A Tribute to Anne Frank Diary Point of View | Teen Ink

A Tribute to Anne Frank Diary Point of View

November 28, 2023
By Amillering BRONZE, Cincinnati, Ohio
Amillering BRONZE, Cincinnati, Ohio
2 articles 0 photos 0 comments

Anne grasped my pages with happiness, trust, and compassion.

Her hands felt rigid and confident, screaming to write her thoughts.

Given as a present for her 13th birthday.

My pages, blank, ready for her to pour her ongoing thoughts.

She would write down every word that never left her tongue, 

However, she would feed me hope of her freedom and love that she expressed everywhere, to everyone. 

One day she would be free from these chains.

She believed hope would be her guide to her paradise.

I could tell she could taste the outside world already.


She may have been the storyteller, but I was the illustrator.

Her words whispered beneath her lips murmuring things no one would understand.

After all she was trapped in this attic for two years, but I could tell hope sparked on my pages, a match striking for flare.

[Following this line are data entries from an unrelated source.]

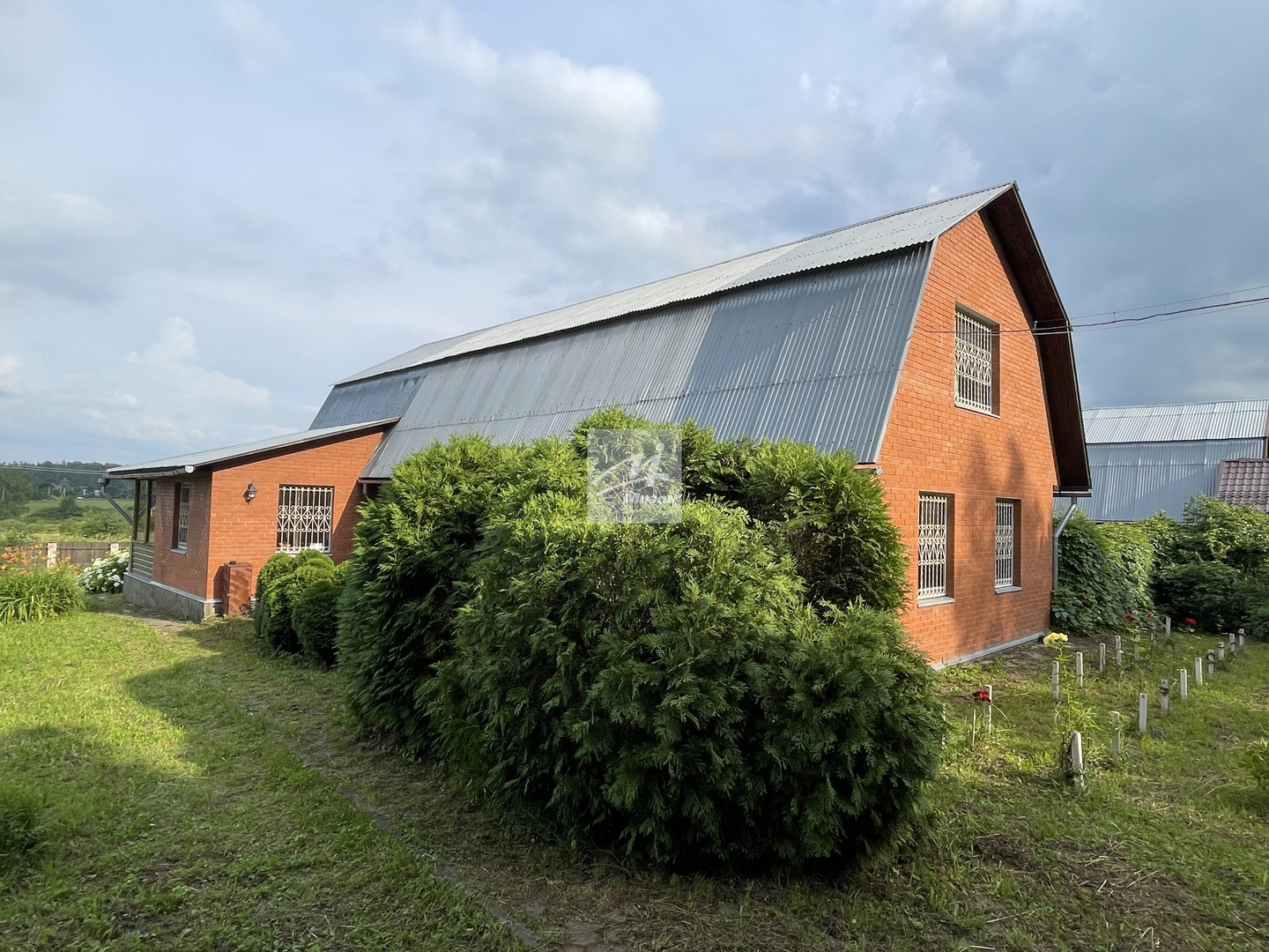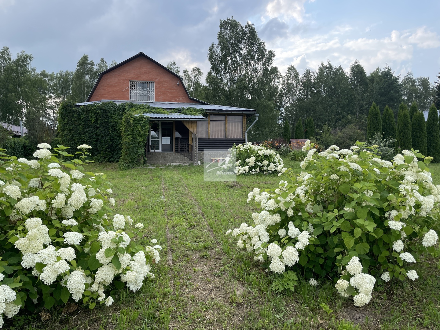 Материал стен - брус, отделка - облицовочный кирпич, внутри обшит вагонкой. Фундамент - монолитный , ленточный. Кровля -оцинкованный металлопрофиль. Прописка возможна.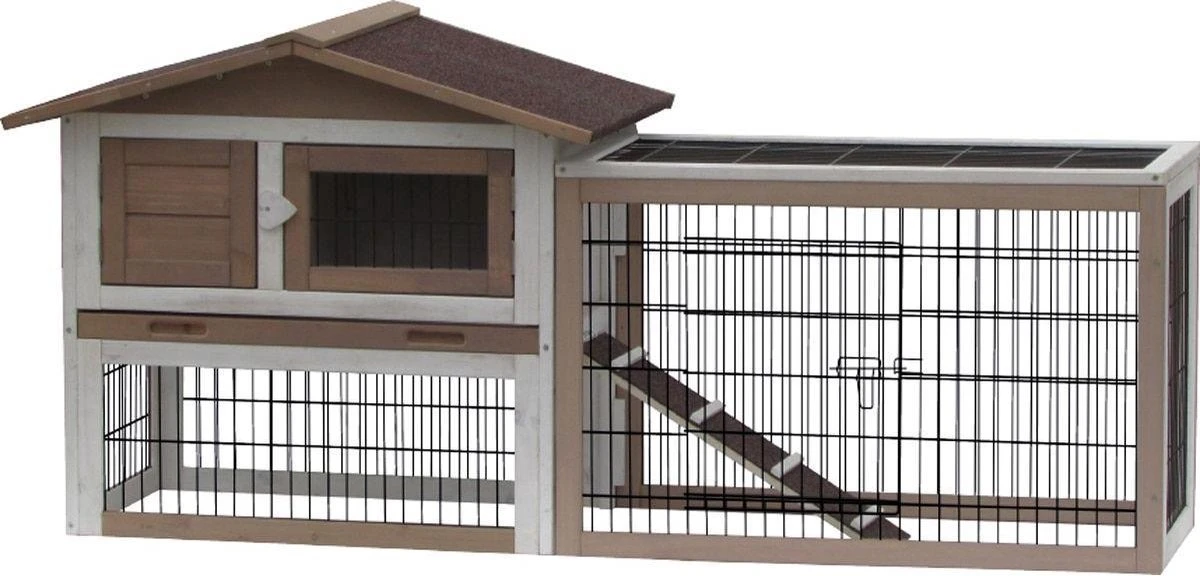 Konijnenhok Ren Sunshine Urban Is een leuke konijnenhok met klassiek nachthok Γ©n uitloopruimte. Het konijnenhok bestaat uit 3 delen, een nachthok, open ren en ren onder nachtgedeelte. Het konijnen nachthok heeft een slaapplek welke helemaal afgesloten en is voorzien van een open gedeelte, beide zijn voorzien van een deurtje. De benedenverdieping van het hok is volledig voorzien van traliewerk en beschikt over een deurtje. Er is een trapje van de zij ren naar het nachthok. Het konijnenhok heeft genoeg deurtjes voor jezelf en het konijn om interactie te krijgen. Let op: de sluiting van het hok, is aangepast / verbeterd. Het deurtje wordt niet meer gesloten met het getoonde hartje maar met een sluitschuif.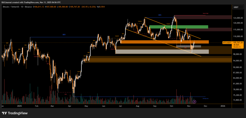 On the daily chart, Bitcoin recently broke out of a descending channel, with price reclaiming a previous structure break (BOS) area — a move many traders view as an early sign of bullish intent. The recovery above the $105,000 support region marks a critical inflection point that could determine the market’s next macro move.

I was the somebody she would tell about her day, the only one who would listen.

I was like her mother made with pages, since she never really got along with her real mother.

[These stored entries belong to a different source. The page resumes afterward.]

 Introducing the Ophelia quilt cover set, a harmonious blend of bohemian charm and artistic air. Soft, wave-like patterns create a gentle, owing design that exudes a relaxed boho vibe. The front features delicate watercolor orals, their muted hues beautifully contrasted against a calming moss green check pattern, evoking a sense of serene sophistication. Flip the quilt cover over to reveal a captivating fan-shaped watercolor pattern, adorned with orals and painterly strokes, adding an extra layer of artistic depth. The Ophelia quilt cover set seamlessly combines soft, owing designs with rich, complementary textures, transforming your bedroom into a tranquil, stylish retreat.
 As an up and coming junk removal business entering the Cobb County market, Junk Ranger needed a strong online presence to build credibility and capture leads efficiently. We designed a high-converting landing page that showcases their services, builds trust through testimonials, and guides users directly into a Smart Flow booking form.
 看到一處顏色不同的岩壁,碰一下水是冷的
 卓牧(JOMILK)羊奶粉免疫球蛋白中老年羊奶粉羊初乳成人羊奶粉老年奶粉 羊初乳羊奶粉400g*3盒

Page by page, her story seeped into my consciousness, I was now drowning in ink and her feelings. 

The ink feels like weights against me, pounding me to the ground.

Longer and longer I could tell, she longed for nothing but freedom and was full of hope.

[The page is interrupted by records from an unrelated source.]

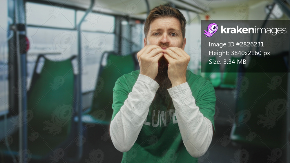 Young man in green volunteer shirt blows kiss with lips inside sparsely seated bus interior; affection playfulness.
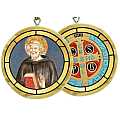 Il Portachiavi è costituito da un medaglione tondo in ulivo con da un lato l'immagine serigrafata di san Benedetto e sul retro la croce.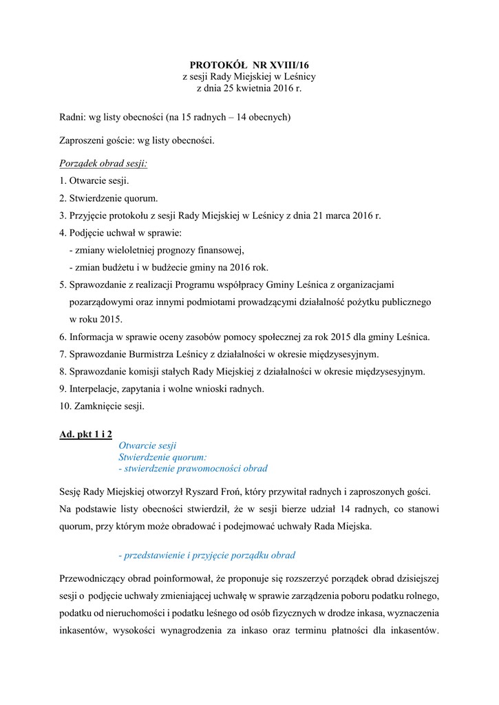 PROTOKÓŁ NR XVIII/16 z sesji Rady Miejskiej w Leśnicy z
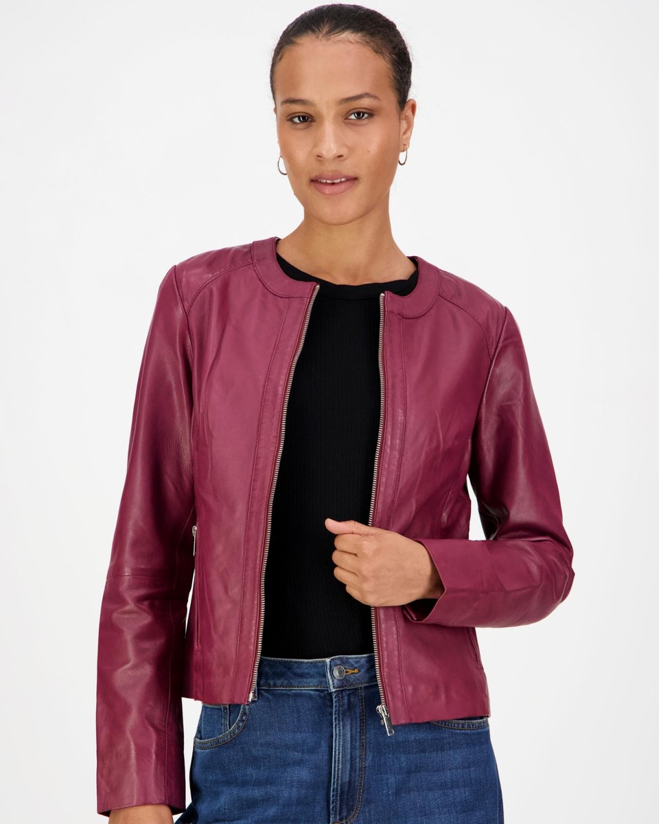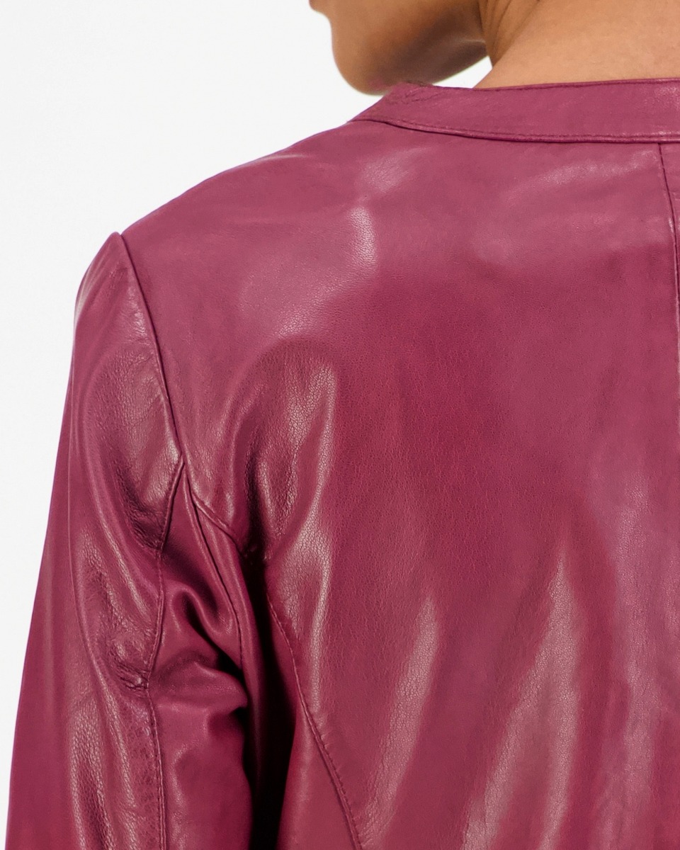 Lilliane on ajaton, yksinkertainen ja elegantti nahkatakki, joka sopii täydellisesti jokapäiväiseen käyttöön. Pyöreä kaulukseton pääntie antaa mahdollisuuden monipuoliseen pukeutumiseen, ja edessä oleva vetoketjukiinnitys tuo käytännöllisyyttä. Sivuilla olevat vetoketjutaskut lisäävät takin toiminnallisuutta.

I admired her longing for her freedom, making a stance for her dreams.

I truly believed she would get freedom, if she kept her hope and head up.


Day after day I could see the misery sinking in her eyes.

She was a shriveled up flower, no sun for days.

But hope beamed inside, like a sunray.

Drained from lack of knowledge and free will from the outside world.

Her words became more desperate for her long awaited freedom.

Alas I was no wish granter! I couldn’t cease her sorrow, I could only listen.

Mr. Kraler had gotten blackmailed.

Miep said the allies were coming to save them.

Even a thief had come in the middle of the night!

I couldn’t bear to see her write these words on my pages.

The poor girl didn’t deserve this! She had a good heart filled with dreams she wanted to make true.

She closed my cover, I don’t know if I could take this anymore.

But a few words of hope opened me back up into the story.


One day, I thought it would be the same, stuck in a forever loop in time.

I felt Anne’s hands fly across my pages.

True hope was in the palm of her hands, bursting onto the pages.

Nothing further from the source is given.